Physics - The speed of sound
The speed of sound
A day spent at an athletics carnival provides strong evidence that sound
takes a finite time to travel a set distance. If you were at the end of a
100 metre track you would see the smoke emerge from the starter's pistol
before you heard the familiar 'bang'. This is evidence that although light
travels quickly to your eyes, the speed of sound is somewhat slower. Since
the seventeenth century we have known that the speed of sound in air is
roughly 340 metres per second, depending upon the temperature of the air.
The speed at which a particular medium can conduct sound is determined by
how quickly the molecules of the medium can pass on the vibrations.
It therefore makes sense that sound travels fastest in solids, slightly
slower in liquids and slower again in gases. Solids allow a faster rate of
transfer of the vibrations due to the proximity of the molecules. You
should familiarise yourself with some typical speeds of sound. In metals
the speed of sound is above 3000 metres per second. In water the speed of
sound is around 1400 to 1500 metres per second. In air at 20 Celsius the
speed of sound is 340 metres per second .

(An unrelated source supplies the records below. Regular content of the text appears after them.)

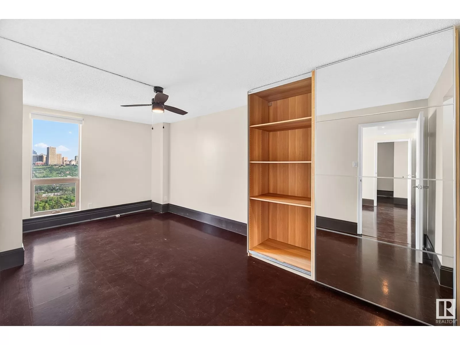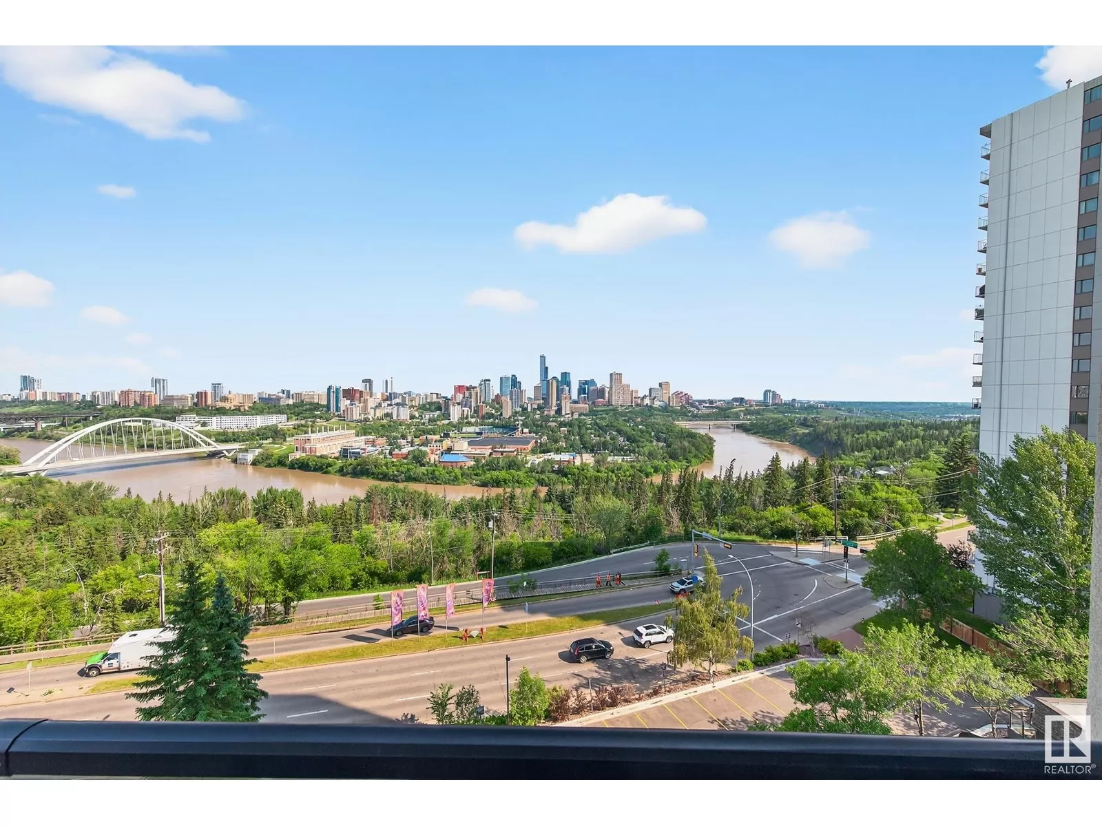 Location, Location, Location! Welcome to the stunning views of Downtown and the River Valley on Saskatchewan Dr. This 9th-floor, two-bedroom, two-bathroom unit offers an urban lifestyle with a spacious, well-designed layout featuring sleek cork flooring. The bright, open kitchen flows into a living area with floor-to-ceiling windows, filling the space with natural light and breathtaking views. The primary bedroom features a large closet and a 4-piece ensuite, while the second bedroom includes a 4-piece bathroom and ample closet space. Enjoy amenities like a gym, racquetball courts, games room, and rooftop tennis/basketball courts. Steps from ravine trails, bike paths, and parks, and minutes from the University of Alberta, Whyte Avenueâs shops, restaurants, and festivals, this unit is a fantastic opportunity for investors, students, or first-time buyers seeking exceptional value in a prime location. Offered at $214,000 (id:27476)
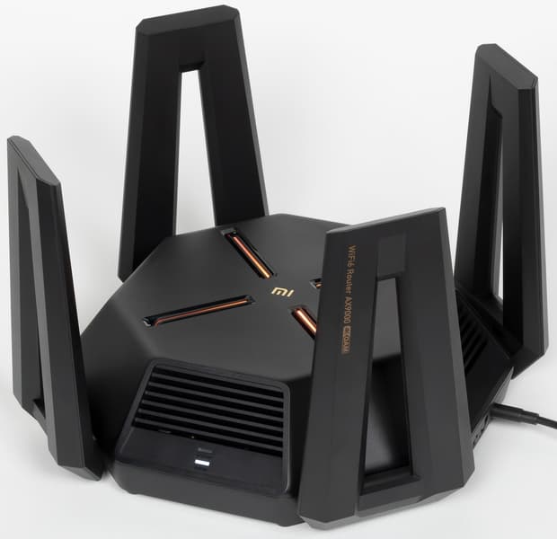 Топовая модель беспроводного роутера Xiaomi AX9000 произвела сильное впечатление. Крупный красивый корпус с необычным дизайном сложно назвать универсальным, но он явно будет привлекать внимание. Аппаратная конфигурация также достойна уважения: мощный многоядерный процессор, огромный объем оперативной памяти, сетевой коммутатор на быстрой шине и дополнительный порт 2,5 Гбит/с, порт USB 3.0 и, что, вероятно, самое главное — три независимые точки доступа с поддержкой Wi-Fi 6. Во всех проведенных тестах роутером были показаны очень достойные результаты производительности.
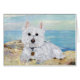 柔らかい桃とターコイズの海は、この西ハイランドホワイトテリアの美しい背景を提供するビーチの外出!友達に挨拶を送るウェスティースタイルと美しいと色!すべての販売はウェスト・ハイランド・ホワイト・テリア・レスキューをサポート!

The table below shows the speed of sound in a range of different
substances. Remember that these values do not refer to the speed at which
the molecules are moving. The molecules merely vibrate around a mean
position. The speed of sound refers to the speed at which the vibrations
are transferred. Note that the speed of sound is not at all affected by the
frequency of the soundwave. It is purely a property of the medium itself.